そして10数年の歳月が過ぎた。メキシコで結婚をし二児の親となり、忙しく暮らしていたある日。突然、日本から小包が届いた。重い箱を居間に運び興味津々で開けた。そして目にしたのは、子供のころに読んでボロボロになったシートンの動物記。そこには、手紙が添えてあるわけでもなく、数冊の読み古した本が入っているだけだった。

顔を合わせる機会は無かったが、父親なりに異国の地にいる息子と、孫たちに思いを馳せ、言葉なきメッセージとしてこの本を送ってきたに違いない。古びた本を通して遥かメキシコまで送られた思いは言葉なくしても痛いほど伝わってきた。その思いを受け取るべく、黄ばんだ本のページを破らないように、幼い時の記憶を遡るかの如く、表紙を開いた。

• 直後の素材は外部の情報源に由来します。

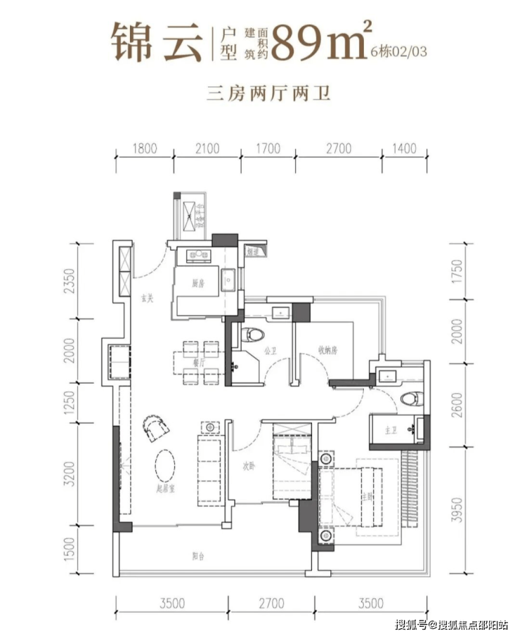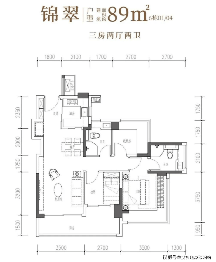 89㎡3房2厅2卫,6栋01/04以及02/03(主卫差异)竖厅户型,客厅3.5米开间,LDKB一体化,S墙设计预留冰箱卡槽位,三开间朝南,主卧+次卧270°无柱转角飘窗,主卧15.25㎡、次卧7.56㎡、次卧6.48㎡(包含墙体飘窗),客厅连接次卧出大阳台约11.46㎡,赠送后得房率约97%,西南或东南朝向。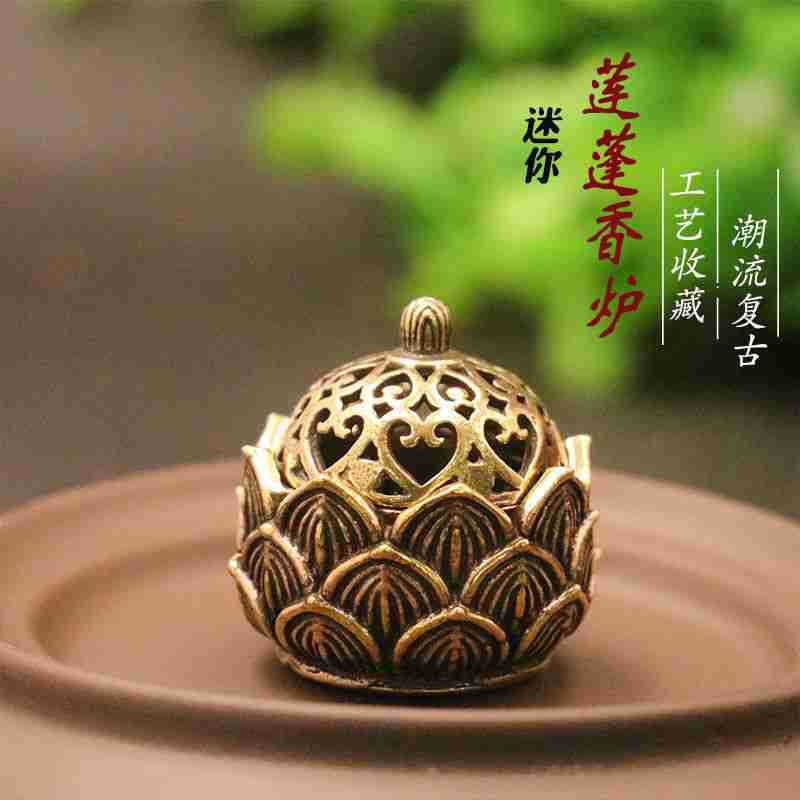 迷你镂空莲花香炉家用供奉插香纯铜小香炉手把件创意古玩摆件可爱

勿論、最初に手に取ったのは、大のお気に入りだった灰色熊ワーブ。舞台は、アメリカ北西部のロッキー山脈。幼い頃に母親と兄弟をハンターに撃たれて亡くした、実在したと言われるグリズリーベアー・ワーブの一生を描く物語。ひ弱で、やられっぱなしだった小熊が、時と共に逞しく育ち、山の主のような存在となる。そして歳老いて、死の谷へ・・・というストーリ。

ワイオミング州の北西部に位置するイエローストーン国立公園。そこがワーブが闊歩した野生動物の王国である。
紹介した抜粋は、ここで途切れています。